Painter of ‘Love’ pleads, is fined

Man, 47, defaced sign in Harrison

A 47-year-old Fayetteville man was found guilty Wednesday of misdemeanor criminal mischief in the vandalism of a Harrison billboard last fall.

Chad Everett Watkins, previously of Harrison, pleaded no contest in connection to the Nov. 29 spray painting of a billboard on the the U.S. 62/65 bypass.

The billboard’s message was changed from “Anti-Racist is a Code Word for Anti-White” to “Anti-Racist is a Code Word for Love.”

Watkins’ trial was scheduled for 1 p.m. Wednesday in Harrison District Court, but he reached a plea agreement with City Attorney Van Younes, who prosecuted the case, before the trial began.

“He entered a no contest plea, and I found him guilty based on that plea,” Judge Fred Kirkpatrick said. “I really thought there would be a trial. … I just thought because of what was involved here there would be a hearing.”

Kirkpatrick said he ordered Watkins to pay $500 to the court. That included a $340 fine, $100 in court costs and $60 in fees. Also, the judge ordered Watkins to pay $769 in restitution to Harrison Sign Co.

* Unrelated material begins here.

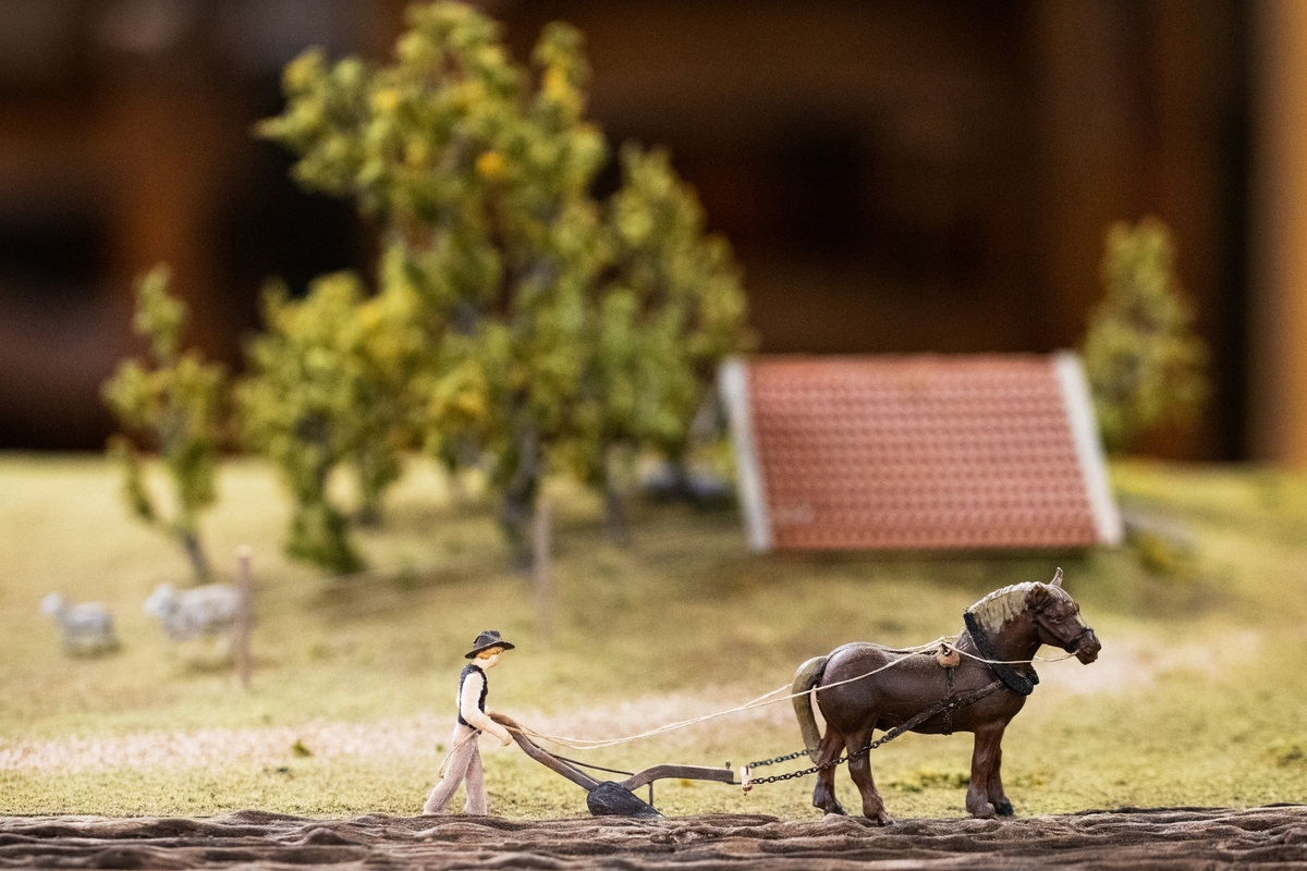 Dalslandsgård. Vinnsäter, Järbo socken. Detalj av modell, plöjning

Matt Campbell of Little Rock, Watkins’ attorney, said his client is now a full-time student at the University of Arkansas at Fayetteville.

“A plea offer that didn’t include probation allows him to move on and not have this hanging over him for years,” Campbell said via email.

Watkins said he had no comment regarding the plea.

Harrison Mayor Jeff Crockett said he was also surprised to hear about the plea agreement.

“Wrong is wrong,” said Crockett, referring to the vandalism. “It should not have been done. It was somebody else’s property that shouldn’t have been damaged. I don’t agree with the message on the sign, but whether I agree with it or not, it’s not anybody’s right to deface it. From the beginning, I said restitution should be made, and that’s what happened. He paid restitution for the damages and also was fined.”

The billboard went up Oct. 15 and sparked aprotest and a local counter-campaign called “Love Your Neighbor” from the Harrison Community Task Force on Race Relations and the Rotary Club. The city has long fought a reputation for racial intolerance dating back to riots more than a century ago.

Nobody has taken responsibility for paying to display the billboard’s original message.

Claude West, who owns Harrison Sign Co., said a “young man” leased the billboard and said the message referred to the government. The man told West that anyone who complains about the government is called a “racist,” apparently referring to the fact that PresidentBarack Obama is black.

West said the man who leased the billboard has a right to free speech and has declined to identify him. The one-year lease on the 12-by-24-foot billboard costs $200 a month, West has said.

The damaged part of the billboard has been replaced.

Harrison has been dogged by image problems since race riots in 1905 and 1909 that drove all but one black person out of the city. The problem was exacerbated in the 1980s when Thom Robb, leader of the Knights of the Ku Klux Klan, moved to Zinc in rural Boone County and began using a Harrison post office box for the group’s mailing address.

In a news release sent out Tuesday by “The Knights Party,” Robb referred to Watkins’ “hateful conduct” in defacing the billboard.